**The records**

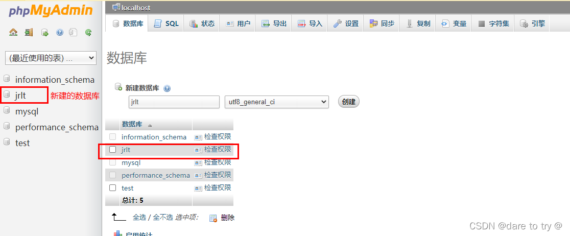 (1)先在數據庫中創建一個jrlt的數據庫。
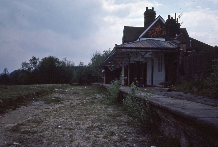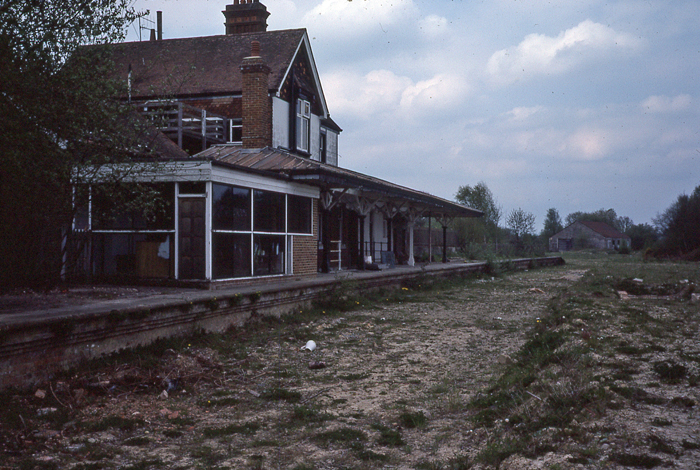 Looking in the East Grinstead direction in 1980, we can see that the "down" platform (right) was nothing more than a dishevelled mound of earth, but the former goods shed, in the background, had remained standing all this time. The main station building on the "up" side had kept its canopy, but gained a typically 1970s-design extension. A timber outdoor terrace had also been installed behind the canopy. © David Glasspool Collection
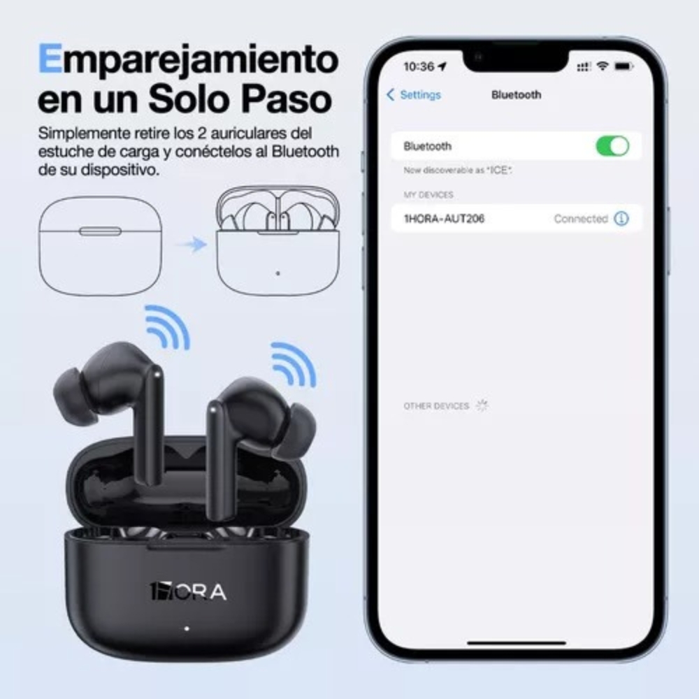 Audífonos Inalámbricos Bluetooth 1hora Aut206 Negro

--

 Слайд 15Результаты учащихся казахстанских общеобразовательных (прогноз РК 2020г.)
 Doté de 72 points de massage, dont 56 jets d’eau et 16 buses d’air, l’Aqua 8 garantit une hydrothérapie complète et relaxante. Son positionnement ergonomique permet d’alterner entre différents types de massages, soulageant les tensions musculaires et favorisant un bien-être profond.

* * *

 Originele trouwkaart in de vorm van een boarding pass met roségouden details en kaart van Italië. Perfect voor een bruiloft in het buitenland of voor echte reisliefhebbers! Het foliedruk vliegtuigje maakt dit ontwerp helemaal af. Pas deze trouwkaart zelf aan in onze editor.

**How to complete this task**
Which part of the entries opens with the line containing "(1)先在數據庫中創建一個jrlt的數據庫。" and closes with the line containing "Audífonos Inalámbricos Bluetooth"? Output that part exactly, ends included, pictures excluded.

**Exercise output**
 (1)先在數據庫中創建一個jrlt的數據庫。
 Looking in the East Grinstead direction in 1980, we can see that the "down" platform (right) was nothing more than a dishevelled mound of earth, but the former goods shed, in the background, had remained standing all this time. The main station building on the "up" side had kept its canopy, but gained a typically 1970s-design extension. A timber outdoor terrace had also been installed behind the canopy. © David Glasspool Collection
 Audífonos Inalámbricos Bluetooth 1hora Aut206 Negro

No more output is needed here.